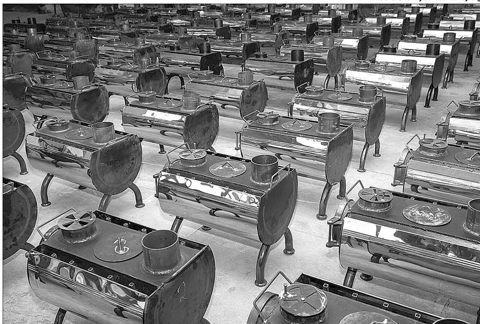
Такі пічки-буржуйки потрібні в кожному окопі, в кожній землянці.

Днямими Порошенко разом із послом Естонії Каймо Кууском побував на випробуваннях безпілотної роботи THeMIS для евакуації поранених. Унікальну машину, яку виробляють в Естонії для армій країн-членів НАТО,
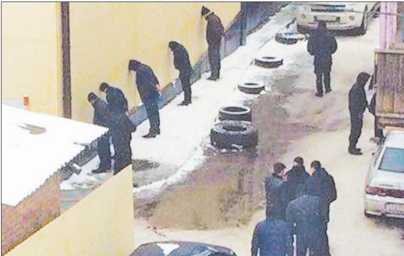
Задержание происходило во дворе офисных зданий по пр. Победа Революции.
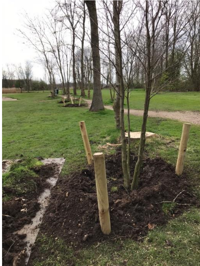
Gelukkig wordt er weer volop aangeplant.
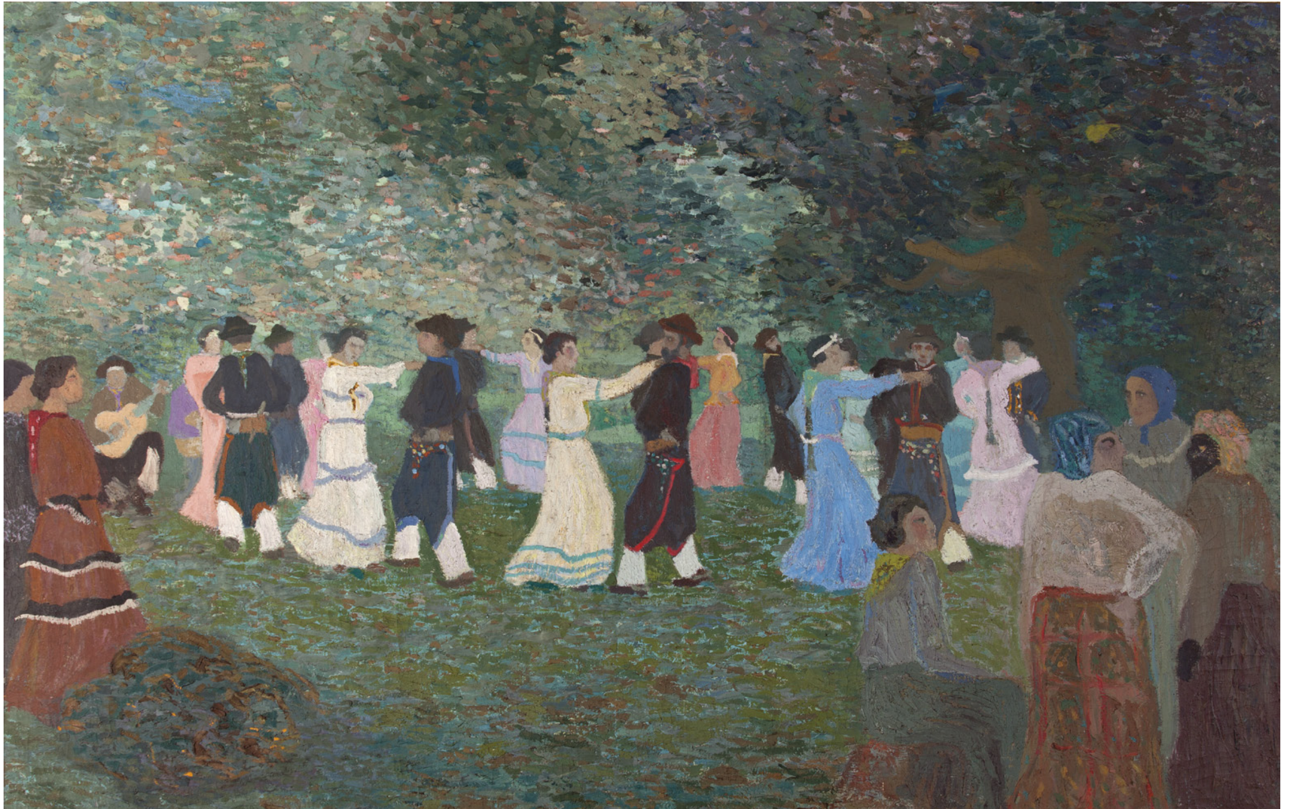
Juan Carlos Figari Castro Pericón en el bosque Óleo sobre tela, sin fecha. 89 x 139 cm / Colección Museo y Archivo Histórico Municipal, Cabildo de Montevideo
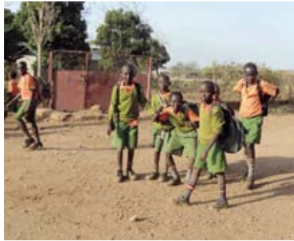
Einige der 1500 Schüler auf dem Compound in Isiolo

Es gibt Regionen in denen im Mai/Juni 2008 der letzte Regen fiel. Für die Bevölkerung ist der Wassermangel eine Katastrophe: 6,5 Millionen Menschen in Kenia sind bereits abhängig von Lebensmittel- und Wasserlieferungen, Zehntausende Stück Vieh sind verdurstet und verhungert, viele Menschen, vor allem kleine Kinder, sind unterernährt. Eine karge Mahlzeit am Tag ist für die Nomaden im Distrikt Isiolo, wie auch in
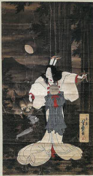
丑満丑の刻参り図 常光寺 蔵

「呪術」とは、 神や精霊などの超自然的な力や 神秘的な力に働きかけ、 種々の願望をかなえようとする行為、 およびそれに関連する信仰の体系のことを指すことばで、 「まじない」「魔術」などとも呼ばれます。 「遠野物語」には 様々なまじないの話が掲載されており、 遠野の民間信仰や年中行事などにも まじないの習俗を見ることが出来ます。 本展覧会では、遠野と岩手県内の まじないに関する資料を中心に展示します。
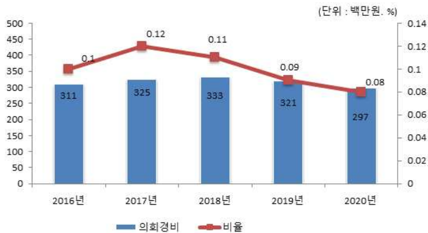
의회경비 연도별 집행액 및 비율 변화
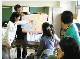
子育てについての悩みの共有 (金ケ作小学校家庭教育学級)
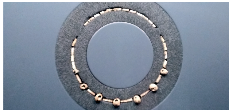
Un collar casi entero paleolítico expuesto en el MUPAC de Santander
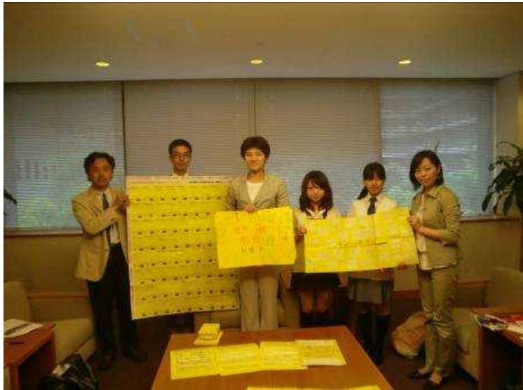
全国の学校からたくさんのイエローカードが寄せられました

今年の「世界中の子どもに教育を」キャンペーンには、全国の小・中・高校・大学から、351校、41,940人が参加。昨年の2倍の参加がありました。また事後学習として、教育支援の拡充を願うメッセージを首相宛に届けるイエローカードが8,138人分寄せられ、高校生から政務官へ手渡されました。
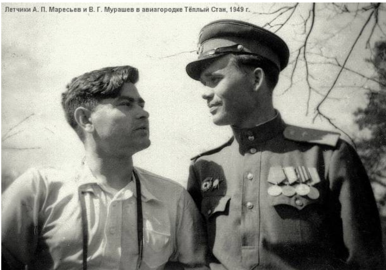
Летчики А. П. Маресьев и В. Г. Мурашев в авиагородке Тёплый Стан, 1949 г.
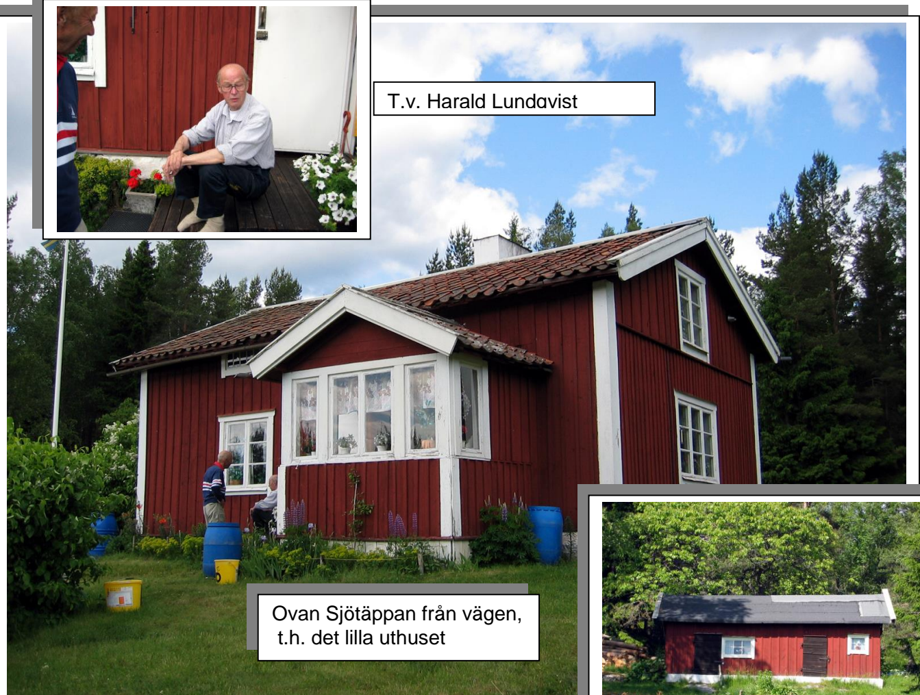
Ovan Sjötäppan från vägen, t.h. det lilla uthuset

________

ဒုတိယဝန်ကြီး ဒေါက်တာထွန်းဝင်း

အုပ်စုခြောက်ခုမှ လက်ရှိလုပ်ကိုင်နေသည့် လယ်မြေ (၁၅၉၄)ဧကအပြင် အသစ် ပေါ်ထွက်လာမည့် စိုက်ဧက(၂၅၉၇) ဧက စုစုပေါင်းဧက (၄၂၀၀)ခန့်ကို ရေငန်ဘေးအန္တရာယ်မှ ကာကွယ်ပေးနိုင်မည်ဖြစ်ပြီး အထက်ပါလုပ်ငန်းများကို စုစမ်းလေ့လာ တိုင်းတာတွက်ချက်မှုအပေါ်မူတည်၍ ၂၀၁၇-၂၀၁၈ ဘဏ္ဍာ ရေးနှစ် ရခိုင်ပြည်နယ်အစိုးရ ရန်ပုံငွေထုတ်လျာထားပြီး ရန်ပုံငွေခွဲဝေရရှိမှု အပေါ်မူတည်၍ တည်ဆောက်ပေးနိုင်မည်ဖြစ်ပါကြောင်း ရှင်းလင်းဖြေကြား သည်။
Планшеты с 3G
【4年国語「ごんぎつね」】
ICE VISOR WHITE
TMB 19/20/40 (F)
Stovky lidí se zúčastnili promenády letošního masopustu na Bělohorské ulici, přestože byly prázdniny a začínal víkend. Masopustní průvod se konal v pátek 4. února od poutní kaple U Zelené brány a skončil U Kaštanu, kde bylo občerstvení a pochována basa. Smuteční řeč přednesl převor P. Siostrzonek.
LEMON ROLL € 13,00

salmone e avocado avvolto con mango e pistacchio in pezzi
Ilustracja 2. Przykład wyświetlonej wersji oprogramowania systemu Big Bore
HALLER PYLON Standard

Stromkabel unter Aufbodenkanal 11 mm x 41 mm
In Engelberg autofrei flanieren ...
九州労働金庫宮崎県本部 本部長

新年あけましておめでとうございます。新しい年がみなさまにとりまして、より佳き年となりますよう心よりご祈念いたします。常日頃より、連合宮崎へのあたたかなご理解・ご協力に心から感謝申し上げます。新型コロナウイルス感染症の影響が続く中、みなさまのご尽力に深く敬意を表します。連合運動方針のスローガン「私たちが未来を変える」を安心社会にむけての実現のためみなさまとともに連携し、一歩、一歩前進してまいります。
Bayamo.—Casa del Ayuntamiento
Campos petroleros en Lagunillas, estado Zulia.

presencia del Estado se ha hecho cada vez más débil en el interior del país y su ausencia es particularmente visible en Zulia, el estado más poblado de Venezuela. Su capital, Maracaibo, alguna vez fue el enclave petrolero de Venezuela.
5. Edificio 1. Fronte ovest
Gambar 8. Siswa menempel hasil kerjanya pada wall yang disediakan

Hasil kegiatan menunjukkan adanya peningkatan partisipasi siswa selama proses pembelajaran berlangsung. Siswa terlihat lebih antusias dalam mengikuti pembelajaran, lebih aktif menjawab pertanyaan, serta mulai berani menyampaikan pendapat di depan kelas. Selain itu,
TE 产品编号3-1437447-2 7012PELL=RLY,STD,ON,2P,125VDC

________

● Work task: Search the records for the string "estado" and, wherever a line contains it, please copy that line.

● Solution to the problem:
Campos petroleros en Lagunillas, estado Zulia.
presencia del Estado se ha hecho cada vez más débil en el interior del país y su ausencia es particularmente visible en Zulia, el estado más poblado de Venezuela. Su capital, Maracaibo, alguna vez fue el enclave petrolero de Venezuela.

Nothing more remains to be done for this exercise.